The algorithm in Section 2 applies the noisy data with only a few changes. First, note that the loss functional in (2.4) involves only the moments $\mathbb{E}[Y_{t}]$ , $\mathbb{E}[Y_{t}^{2}]$ and $\mathbb{E}[Y_{t_{l}}Y_{t_{l-1}}]$ , which are moments of $f_{*}(X_{t})$ . When $Y_{t}$ in (2.17) has observation noise specified above, we have

	$\displaystyle\mathbb{E}[f_{*}(X_{t})]$	$\displaystyle=\mathbb{E}[Y_{t}]-\mathbb{E}[\eta_{t}]=\mathbb{E}[Y_{t}];$
	$\displaystyle\mathbb{E}[f_{}(X_{t})f_{}(X_{s})]$	$\displaystyle=\mathbb{E}[Y_{t}Y_{s}]-\mathbb{E}[\eta_{t}\eta_{s}]=\mathbb{E}[Y_{t}Y_{s}]-C(t,s)$

for all $t,s\geq 0$ . Thus, we only need to change the loss functional to be

	$\displaystyle\mathcal{E}(f)=$	$\displaystyle w_{1}\frac{1}{L}\sum_{l=1}^{L}\big{\|}\mathbb{E}[f(X_{t_{l}})]-\mathbb{E}[Y_{t_{l}}]\|^{2}+w_{2}\frac{1}{L}\sum_{l=1}^{L}\left\|\mathbb{E}[f(X_{t_{l}})^{2}]-\mathbb{E}[Y_{t_{l}}^{2}]+C(t,t)\right\|^{2}$		(2.19)
		$\displaystyle+w_{3}\frac{1}{L}\sum_{l=1}^{L}\left\|\mathbb{E}[f(X_{t_{l}})f(X_{t_{l-1}})]-\mathbb{E}[Y_{t_{l}}Y_{t_{l-1}}]+C(t,s)\right\|^{2}.$		(2.19)

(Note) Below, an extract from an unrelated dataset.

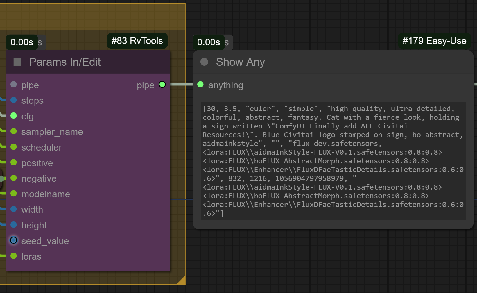 此工作流使用 RvTool 节点,收集你图像使用的所有信息,包括 LoRA。我同时还添加了我信赖的 LoRA 自动触发词 节点,可自动添加启用 LoRA 的触发词。

Similar to (2.12), the minimizer of the loss functional can be then computed as

$\displaystyle\widehat{f}_{\mathcal{H},M}$	$\displaystyle=\sum_{i=1}^{n}\widehat{c}_{i}\phi_{i},\quad\widehat{c}=\underset{c\in\mathbb{R}^{n}\text{ s.t. }\sum_{i=1}^{n}c_{i}\phi_{i}\in\mathcal{H}}{\operatorname{arg}\operatorname{min}}\;\mathcal{E}^{M}(c),\,\text{ where }$	(2.20)
$\displaystyle\mathcal{E}^{M}(c)$	$\displaystyle=w_{1}[c^{\top}\overline{A}_{1}c-2c^{\top}\overline{b}_{1}^{M}+\widetilde{b}_{1}^{M}]+w_{2}\frac{1}{L}\sum_{l=1}^{L}\left\|c^{\top}A_{2,l}c-b_{2,l}^{M}+C(t_{l},t_{l})\right\|^{2}$
	$\displaystyle+w_{3}\frac{1}{L}\sum_{l=1}^{L}\left\|c^{\top}A_{3,l}c-b_{3,l}^{M}+C(t_{l},t_{l+1})\right\|^{2},$

where all the $A$ -matrices and $b$ -vectors are the same as before (e.g., in (2.6)–(2.7) and (2.11)).

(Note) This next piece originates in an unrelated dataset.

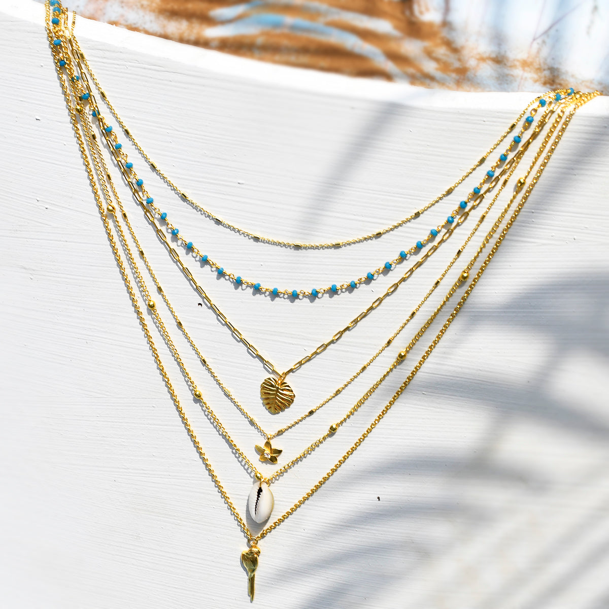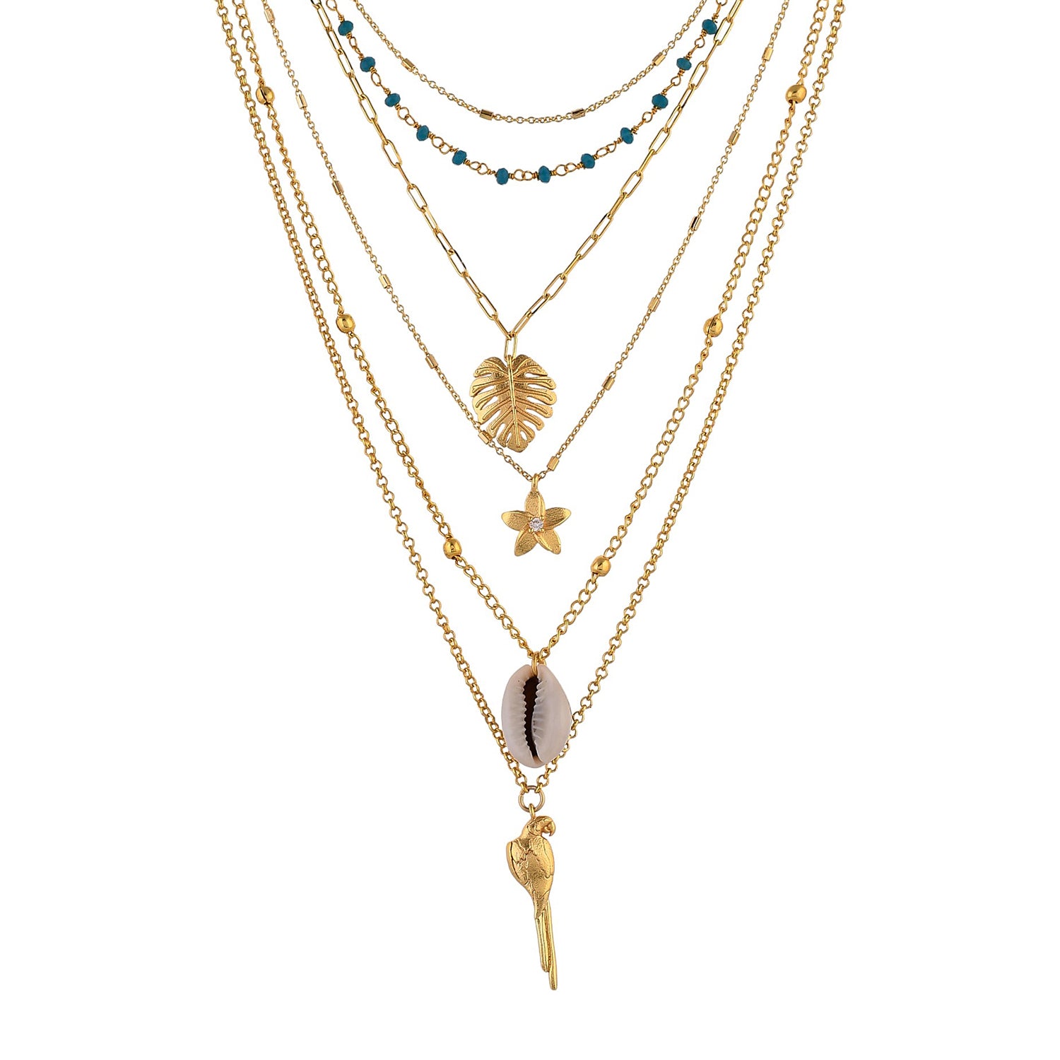 The beautiful and dainty tropical elements have inspired this beachy motifs layered necklace, which has been fashioned out of brass. Embellished with a single white, real seashell and gold plated, the necklace can be paired with just about everything.

Note that the observation noise introduces sampling errors through $b_{1}^{M}$ , $b_{2,l}^{M}$ and $b_{2,l}^{M}$ , which are at the scale $\mathrm{O}(\frac{1}{\sqrt{M}})$ . Also, note the $A$ -matrices are independent of the observation noise. Thus, the observation noise affects the estimator only through the sampling error at the scale $\mathrm{O}(\frac{1}{\sqrt{M}})$ , the same as the sampling error in the estimator from noiseless data.

3 Identifiability

We discuss in this section the identifiability of the observation function by those loss functionals in the previous section. We show that $\mathcal{E}_{1}$ , the quadratic loss functional based on the 1st-order moments in (2.5), can identify the observation function in the $L^{2}(\widebar{\rho}_{T}^{L})$ -closure of a reproducing kernel Hilbert space (RKHS) that is intrinsic to the state model. In addition, the loss functional $\mathcal{E}_{4}$ in (2.14) based on the Itô formula, enlarges the function space of identifiability. We also discuss, in Section 3.2, some limitations of the loss functional $\mathcal{E}$ in (2.19), that combines the quadratic and quartic loss functionals; in particular, symmetry and stationarity may prevent us from identifying the observation function when using only generalized moments.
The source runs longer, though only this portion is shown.